[AIM OF THE TASK]:
Word for word, reproduce the listing that follows, excluding any pictures it contains.

[MATERIAL SUPPLIED]:
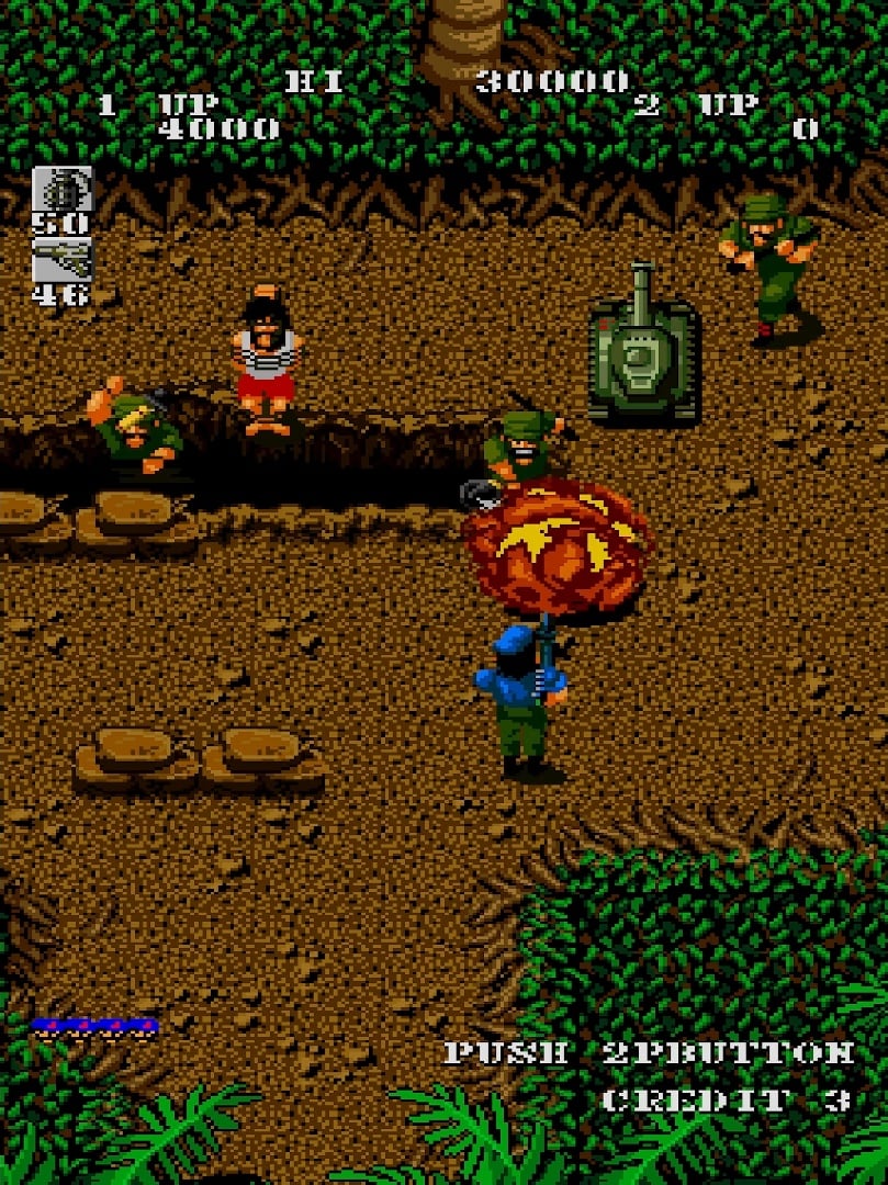 Aluksi kaikki näyttää niin kivalta. Grafiikka on kaunista 2D-pikselitaidetta, pelihahmot ovat suuria ja ilmeikkäitä ja efektit komeita. Pelattavuuskin on vuoden 1987 peliksi aika innovatiivista, sillä Guerrilla War on tavallaan kahden tikun räiskintäpeli ja antaa pelaajan ampua eri suuntaan kuin liikkuu. Kabinetissa ei kuitenkaan ollut kahta tikkua, vaan ainoastaan yksi ohjain, jota pystyi normaalin liikuttelun ohella pyörittämään. Todella erikoinen ratkaisu, joka tekee pelin emuloinnista hieman haastavaa, mutta hätä keinot keksii.
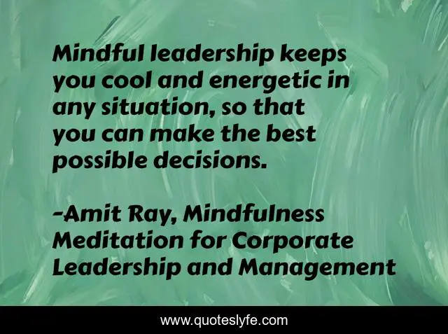 "Amit Ray, Mindfulness Meditation for Corporate Leadership and Management Quotes." Quoteslyfe.com, 2025. Tue. 09 Dec. 2025. <https://www.quoteslyfe.com/quote/Mindful-leadership-keeps-you-cool-and-energetic-185771>.
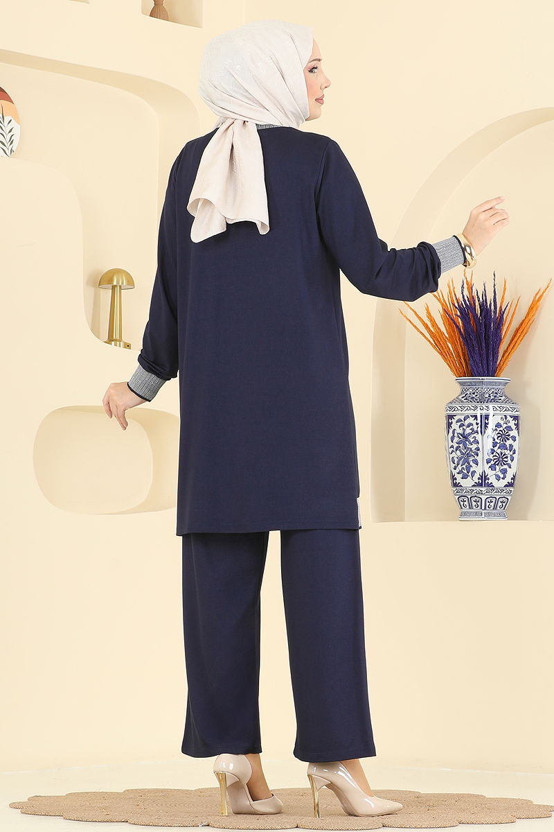 Ürün Özelliği : Yeni sezon tesettür moda ürünüdür. Ürün Bisiklet yakadır. Astarsızdır. Taşlar yapıştırmadır. Pantolon beli lastiklidir.Konsept fotoğraf çekimlerinden dolayı üründe ton farklılığı olabilir.
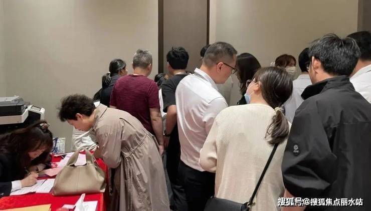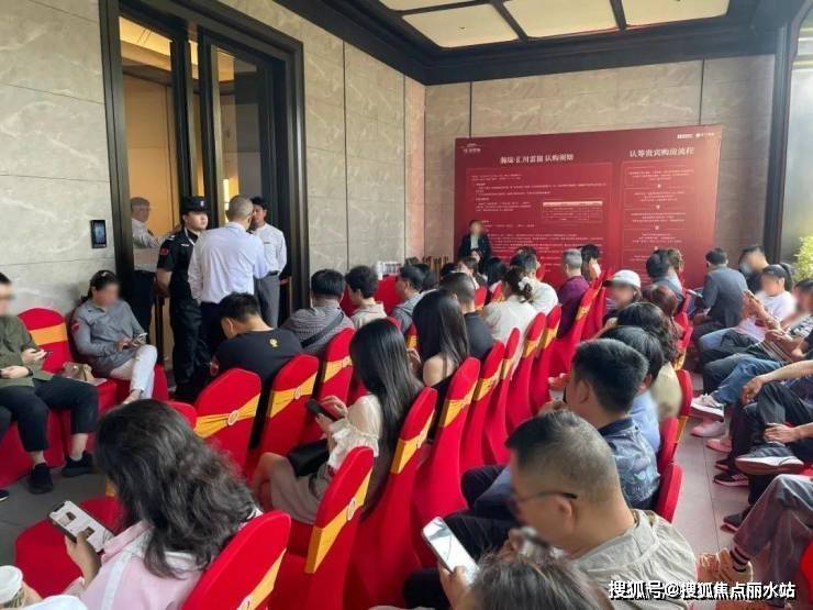 在工作人员的引导下,买房人有序完成登记,领取臂贴依次入场。等候区内座无虚席,涌动的人潮诠释了第四代花园住宅的非凡魅力,他们个个都满怀期待,殷切等候正式开盘。
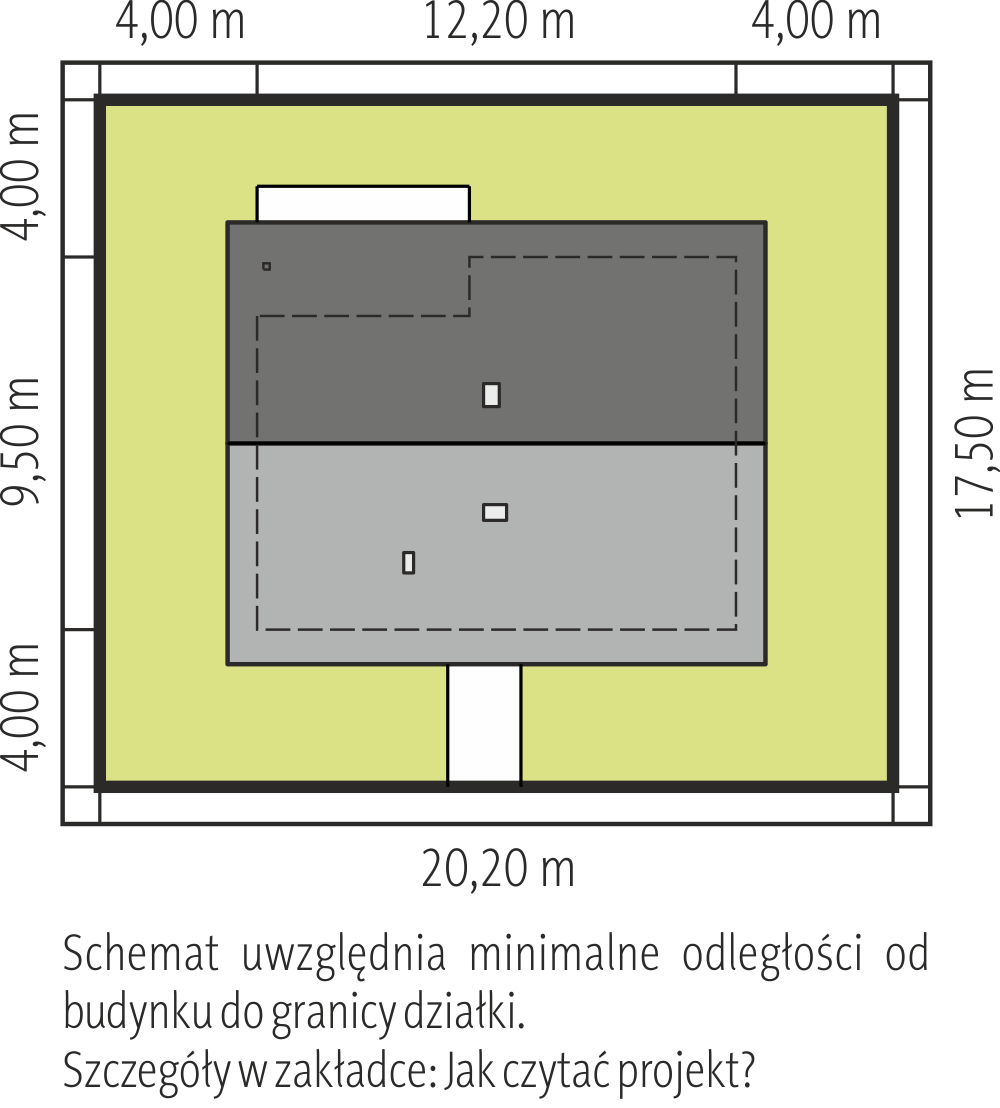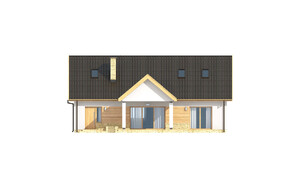 Podstawowym założeniem przyjętym przy projekcie budynku było stworzenie funkcjonalnego i ciekawego wnętrza na niewielkim metrażu. Jest to budynek z poddaszem użytkowym, kryty dwuspadowym dachem. W elewacji budynku poprzez materiał zaakcentowano wyraźnie, strefę wejściową. W bryle budynku oddzielono także funkcję mieszkalną dzienną od nocnej, jak również strefę mieszkalną i strefy gospodarczej z dużą kotłownią.
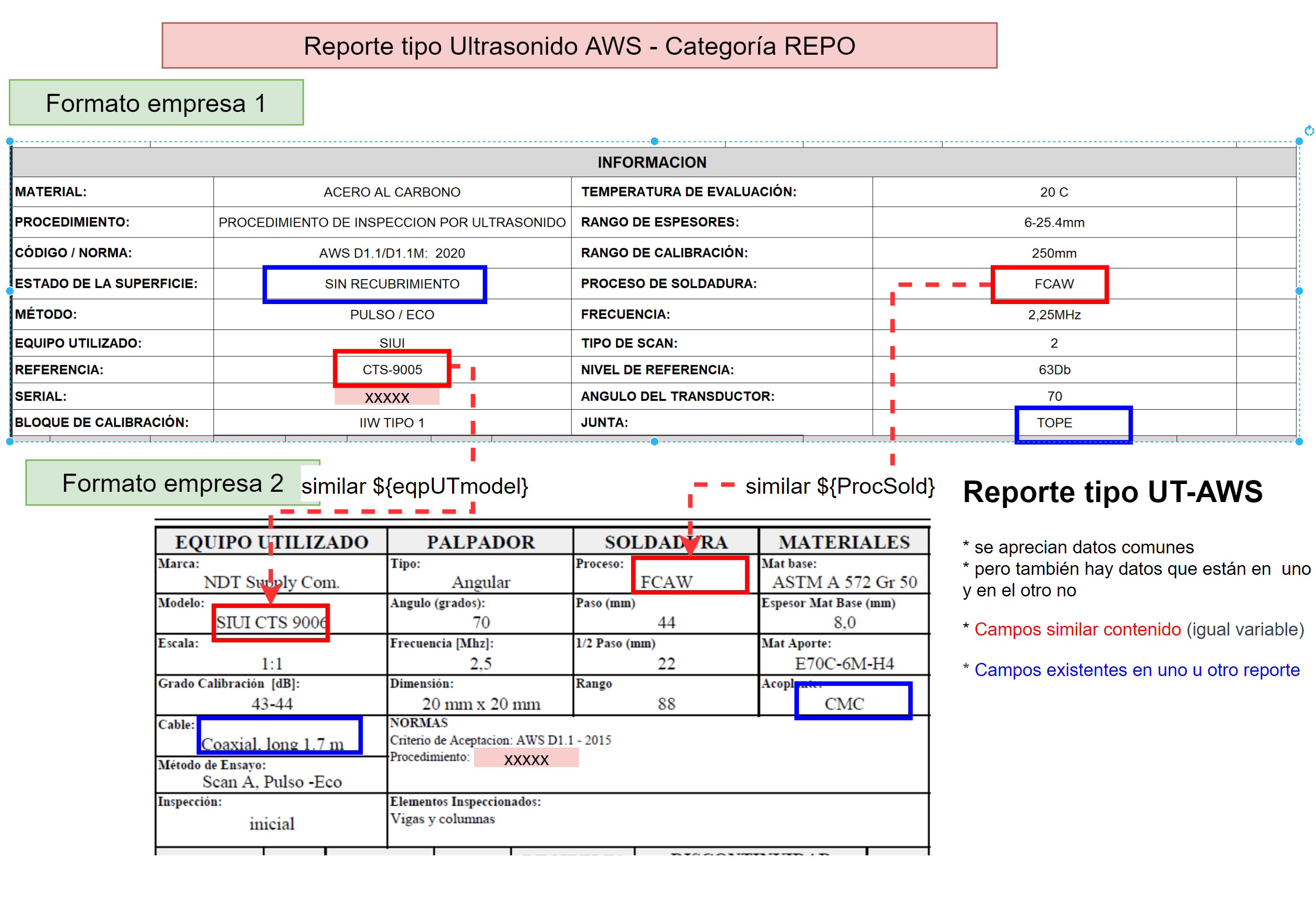 Fig 1188 Comparación extracto de Reporte de Inspección Ultrasonido según AWS de 2 empresas
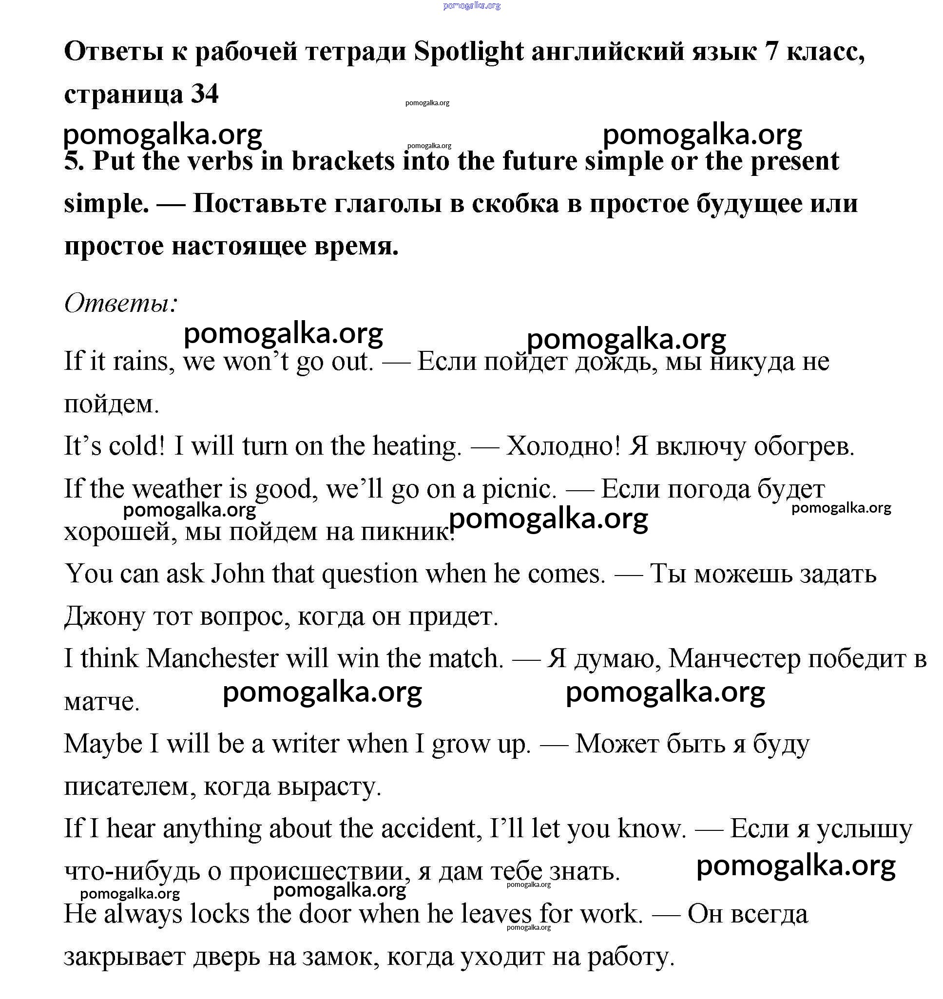 Готовые ответы - Английский язык 7 класс Ваулина Spotlight рабочая тетрадь - Grammar Practice module 5 5

[SOLUTION TO THE PROBLEM]:
 Aluksi kaikki näyttää niin kivalta. Grafiikka on kaunista 2D-pikselitaidetta, pelihahmot ovat suuria ja ilmeikkäitä ja efektit komeita. Pelattavuuskin on vuoden 1987 peliksi aika innovatiivista, sillä Guerrilla War on tavallaan kahden tikun räiskintäpeli ja antaa pelaajan ampua eri suuntaan kuin liikkuu. Kabinetissa ei kuitenkaan ollut kahta tikkua, vaan ainoastaan yksi ohjain, jota pystyi normaalin liikuttelun ohella pyörittämään. Todella erikoinen ratkaisu, joka tekee pelin emuloinnista hieman haastavaa, mutta hätä keinot keksii.
 "Amit Ray, Mindfulness Meditation for Corporate Leadership and Management Quotes." Quoteslyfe.com, 2025. Tue. 09 Dec. 2025. <https://www.quoteslyfe.com/quote/Mindful-leadership-keeps-you-cool-and-energetic-185771>.
 Ürün Özelliği : Yeni sezon tesettür moda ürünüdür. Ürün Bisiklet yakadır. Astarsızdır. Taşlar yapıştırmadır. Pantolon beli lastiklidir.Konsept fotoğraf çekimlerinden dolayı üründe ton farklılığı olabilir.
 在工作人员的引导下,买房人有序完成登记,领取臂贴依次入场。等候区内座无虚席,涌动的人潮诠释了第四代花园住宅的非凡魅力,他们个个都满怀期待,殷切等候正式开盘。
 Podstawowym założeniem przyjętym przy projekcie budynku było stworzenie funkcjonalnego i ciekawego wnętrza na niewielkim metrażu. Jest to budynek z poddaszem użytkowym, kryty dwuspadowym dachem. W elewacji budynku poprzez materiał zaakcentowano wyraźnie, strefę wejściową. W bryle budynku oddzielono także funkcję mieszkalną dzienną od nocnej, jak również strefę mieszkalną i strefy gospodarczej z dużą kotłownią.
 Fig 1188 Comparación extracto de Reporte de Inspección Ultrasonido según AWS de 2 empresas
 Готовые ответы - Английский язык 7 класс Ваулина Spotlight рабочая тетрадь - Grammar Practice module 5 5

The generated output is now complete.